Faithful and Virtuous Night
- First edition
- Author: Louise Glück
- Genre: Poetry
- Publisher: Farrar, Straus and Giroux
- Publication date: 2014

= Faithful and Virtuous Night =

2014 poetry collection by Louise Glück

Faithful and Virtuous Night is a poetry collection by Louise Glück, published in 2014.

==Composition and contents==
The collection alternates between traditional poems and paragraph-long prose poems, marking the first inclusion of prose poems in a book by Glück.

Kathryn Davis, a friend of Glück's, read the collection's poems as they were written. She suggested Glück compose and include its prose poems.

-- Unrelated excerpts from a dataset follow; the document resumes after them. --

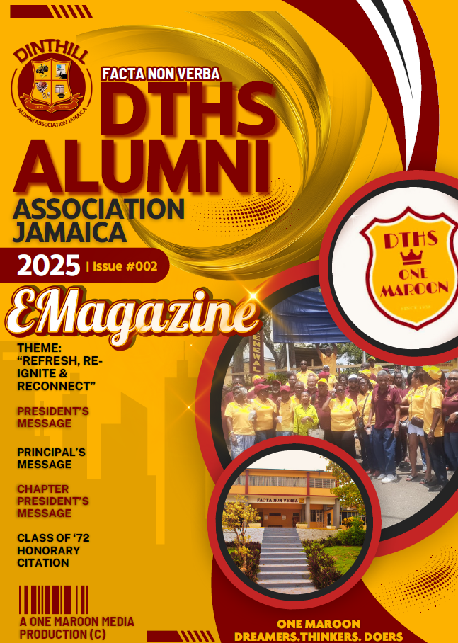 This is the DTHS Alumni Association Jamaica 2025 E-Magazine souvenir. This is the second edition of the series of magazines. It encapsulates the activities, events, and accomplishments of the Alumni Association of Jamaica. We thank all our sponsors, donors, and contributors for their support of this venture… Facta Non Verba #ONEMAROON – WE ARE DREAMERS.THINKERS.DOERS! AS WE REFRESH, RE-IGNITE, AND RECONNECT
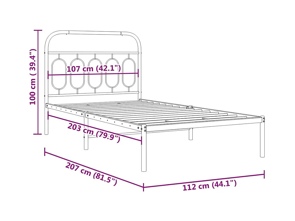 Cadre de lit métal sans matelas et tête de lit blanc 107x203 cm
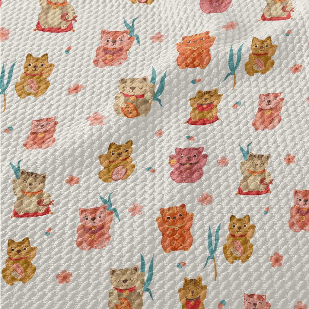 彩色可愛招財貓泡泡布(幅寬160公分)
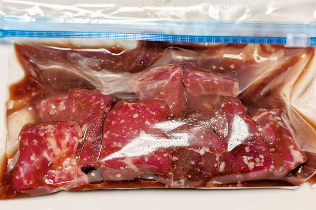 3./2の袋に1の牛肉を入れ、できるだけ空気を抜いて閉じる。肉に2の調味液が浸かるようにする>
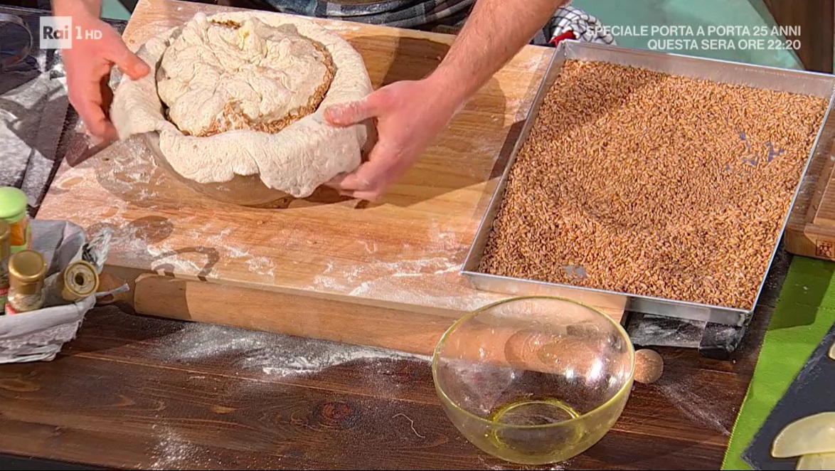 Prendiamo la pagnotta più grande e la allarghiamo sul piano infarinato, con il mattarello, fino ad ottenere un disco spesso circa 1 cm. Foderiamo la ciotola (della lievitazione) con il disco ottenuto, passiamo l’altra pagnotta (più piccola) nei chicchi di farro reidratati (in modo da ‘impanarla’) e la inseriamo dentro la ciotola foderata con l’impasto. Avvolgiamo la pagnotta con il disco di pasta e la capovolgiamo sulla teglia. Incidiamo in superficie e cuociamo subito in forno caldo e statico a 250° per 45 minuti; gli ultimi 10 minuti, socchiudiamo il portello del forno.
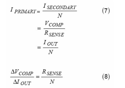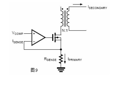 從ISECONDARY以后(見圖9),副邊電流或者說輸出電流與主邊電流成比例,把等式(4)重新排列表示出副邊電流與VCOMP之間的關(guān)系。
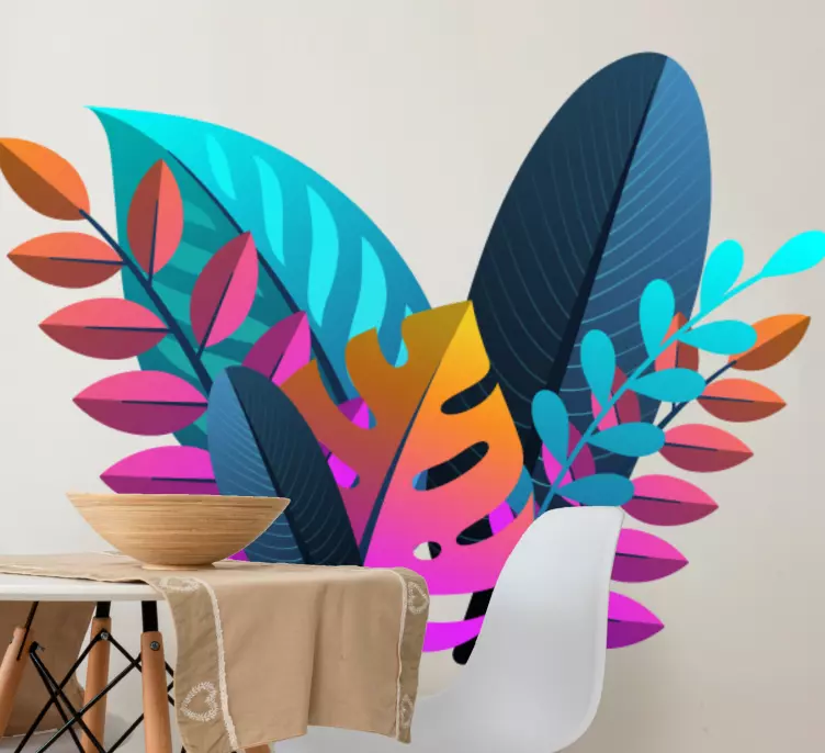Entdecken Sie die Schönheit der Natur mit unserem Wandtattoo natur lebendige blätter kollektion. Dieses lebendige Design zeigt eine Vielzahl von bunten Blättern, die tropische Laub und botanische Elemente harmonisch vereinen. Die dekorativen Details verleihen jedem Raum einen frischen, einladenden Charakter und schaffen eine Atmosphäre, die zum Entspannen und Genießen einlädt!
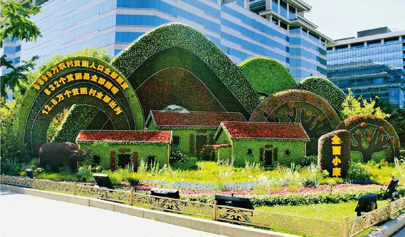 建党百年之际,在北京长安街沿线,10组献礼中国共产党成立100周年的立体花坛亮相,生动展示中国共产党的奋斗历程和伟大成就。图为“全面小康”主题花坛。人民视觉 方淑媛/摄(求是网)
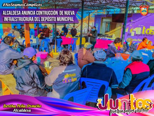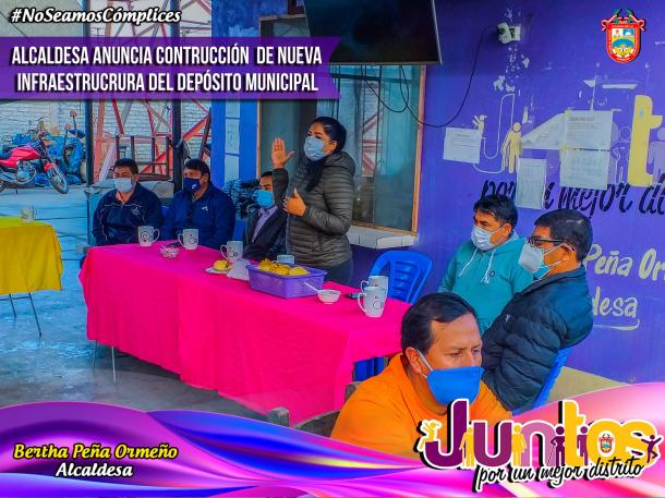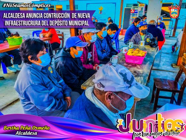 Las autoridades ediles se dieron cita a las 6:00 a.m. que es precisamente la hora de ingreso del personal del área de "SERVICIO PÚBLICO", el mismo que comprende (LIMPIEZA PÚBLICA, CHÓFERES DE VEHÍCULOS MENORES Y MÁQUINAS PESADAS, MAESTRANZA, entre otros), para así poder confraternizar y anunciar las buenas nuevas que tiene la gestión municipal, todo ello con la finalidad de que las personas que que laboran en el DEPÓSITO MUNICIPAL, puedan tener un local en mejores condiciones para poder laborar y al mismo tiempo contar con el espacio necesario para el resguardo y mantenimiento de las maquinarias pesadas, que están bajo responsabilidad de dicho lugar para el servicio de la población. Cabe señalar que dicho DEPÓSITO MUNICIPAL alberga a más de un centenar de trabajadores obreros municipales, que desde el inicio de la PANDEMIA, también estuvieron en primera línea, trabajando en favor de la comuna.

Glück drew inspiration from the short works of Franz Kafka while writing the collection.

==Reception==
In Boston Review, Craig Morgan Teicher wrote that the collection "[...] may be Glück’s strangest work yet, the hardest to describe or put in line with the others." Writing for NPR, Annalisa Quinn both praised and criticized the collection's abstruseness, referring to the prose poems as "blandly koanic" while also writing that some of the "[...] poems' incompleteness and inscrutability are suggestive rather than prohibitive."

===Honors and awards===
Glück received the National Book Award for Poetry for the collection. It was also shortlisted for the T. S. Eliot Prize.